In: Math
Please answer part a) through part d) of the question below. Thank you.
Question 3
A tobacco refinery has four methods of measuring pH. To test
the
four methods, a supervisor randomly assigns each of 32
tobacco
samples with known pH to one of the four methods, so that
each
method is applied to exactly eight samples. The difference
between
measured pH and the known pH is recorded, and the data is
below.
Method | Sample | Response |
A | 1 | -0.307 |
A | 2 | -0.294 |
A | 3 | 0.009 |
A | 4 | -0.051 |
A | 5 | -0.136 |
A | 6 | -0.324 |
A | 7 | -0.324 |
A | 8 | -0.164 |
B | 1 | -0.110 |
B | 2 | 0.125 |
B | 3 | -0.013 |
B | 4 | 0.082 |
B | 5 | 0.091 |
B | 6 | 0.459 |
B | 7 | 0.259 |
B | 8 | 0.351 |
C | 1 | 0.137 |
C | 2 | -0.063 |
C | 3 | 0.24 |
C | 4 | -0.05 |
C | 5 | 0.318 |
C | 6 | 0.154 |
C | 7 | 0.099 |
C | 8 | 0.124 |
D | 1 | -0.042 |
D | 2 | 0.69 |
D | 3 | 0.201 |
D | 4 | 0.166 |
D | 5 | 0.219 |
D | 6 | 0.407 |
D | 7 | 0.505 |
D | 8 | 0.311 |
a) Use R to calculate the means and standard
deviations for the four
methods. Based only on these numbers, do the mean pH
differences
seem to differ across the methods? Explain.
b) Do the ANOVA conditions hold?

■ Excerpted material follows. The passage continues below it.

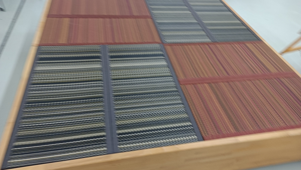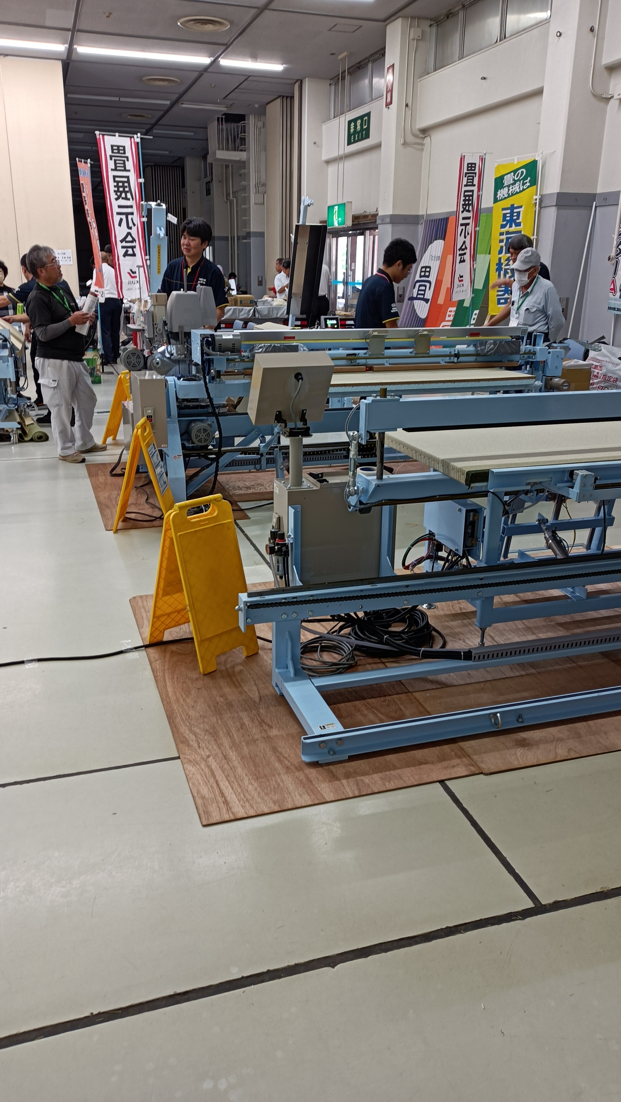 今年も畳表や畳縁、畳床はもちろん製作機械や工具など定番のものから最新のものまで展示されていました。

Be sure to
include your R code,
output, appropriate graphs (boxplots, dotplots), and
explanations.
c) Regardless of your answer to (b), run ANOVA
with R. Set-up your
null and alternative hypotheses; provide your test statistic,
p-value,
and conclusion.
d) Use the Bonferroni adjustment to make a
confidence interval for
each of the 6 differences between treatment means, using an
experiment-wise confidence level of 95%.
#### R command
# Read the data
data=read.csv("data.csv", head=T, sep=",")

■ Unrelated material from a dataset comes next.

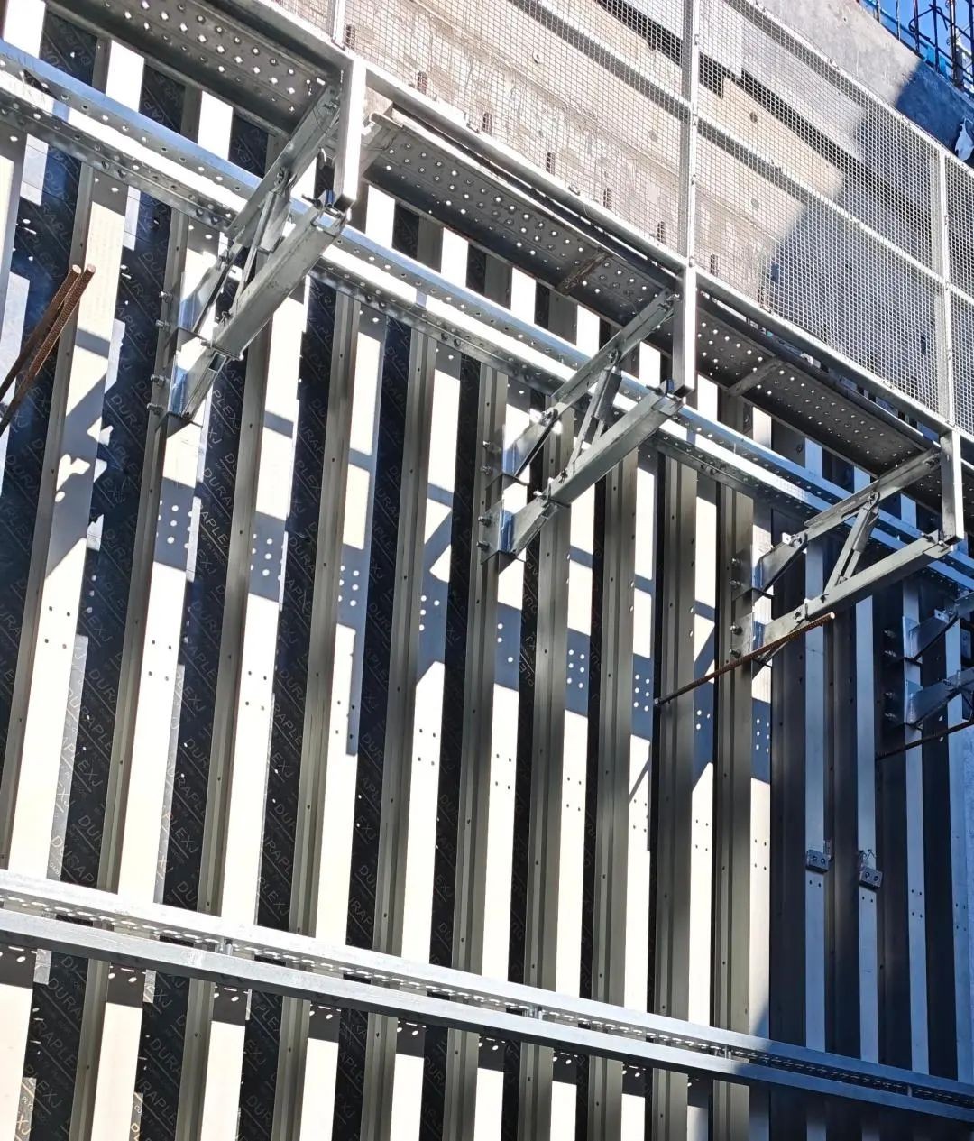 大模板凭借精密的支撑与紧固系统,可高效抵御新浇混凝土产生的侧压力,显著降低模板变形、鼓胀风险。相较于小块散拼模板,大模板大幅减少接缝数量,经特殊设计与处理后,能有效防止漏浆问题,确保浇筑出的混凝土墙面平整光洁,完全契合核电工程对高品质混凝土外观的严苛标准。在项目施工过程中,少拉杆设计大幅缩短施工周期;上部操作平台的创新设置,既减少了脚手架搭设量,又避免了交叉作业干扰,显著提升结构施工质量、精度与效率,同步强化作业安全性,为混凝土振捣作业提供了便捷、高效的操作空间。

## The means and standard deviations for the four methods
aggregate(Response ~Method, data = data, function(x) c(mean = mean(x), sd = sd(x)))
## b)
boxplot(Response ~Method, data = data)
## c) ### ANOVA test
model=aov(Response ~factor(Method), data = data)
summary(model)
## Bonferroni adjustment to make a confidence interval
pairwise.t.test(data$Response, data$Method,
p.adjust.method = p.adjust.methods,
alternative = c("two.sided"))
### End the command
## Run
> # Read the data
>
> data=read.csv("data.csv", head=T, sep=",")
> ## The means and standard deviations for the four
methods
>
> aggregate(Response ~Method, data = data, function(x) c(mean =
mean(x), sd = sd(x)))
Method Response.mean Response.sd
1 A -0.1988750 0.1321800
2 B 0.1555000 0.1891409
3 C 0.1198750 0.1297772
4 D 0.3071250 0.2256960
## Comment: From the above table, we can conclude that at least the methods A and D may have a different mean.
> ## b)
>
> boxplot(Response ~Method, data = data)
>
From the above box-plots, we can conclude that the response at each method may follow the normal distribution and the median of method A may different from the remaining methods.
### ANOVA test
# Null hypothesis: All the means at different methods are the same.
# Alternative Hypothesis: At least one method has a significant mean.
> model=aov(Response ~factor(Method), data = data)
> summary(model)
Df Sum Sq Mean Sq F value Pr(>F)
factor(Method) 3 1.0851 0.3617 11.95 3.23e-05 ***
Residuals 28 0.8472 0.0303
---
Signif. codes: 0 ‘***’ 0.001 ‘**’ 0.01 ‘*’ 0.05 ‘.’ 0.1 ‘ ’ 1
#Test statistic=11.95
#P-value= 11.95 3.23e-05 ***
#Conclusion: The p-value is less than 0.05 level of significance. Hence, we reject the null hypothesis and conclude that at least one method has significant mean. at the 0.05 level of significance.
> pairwise.t.test(data$Response, data$Method,
+ p.adjust.method = p.adjust.methods,
+ alternative = c("two.sided"))
Pairwise comparisons using t tests with pooled SD
data: data$Response and data$Method
A B C
B 0.0017 - -
C 0.0041 0.6852 -
D 1.8e-05 0.1845 0.1202
P value adjustment method: holm
## Comment: From this test the method A has a significant mean difference with remaining methods. But methods B, C, and D do not have a significant mean differences.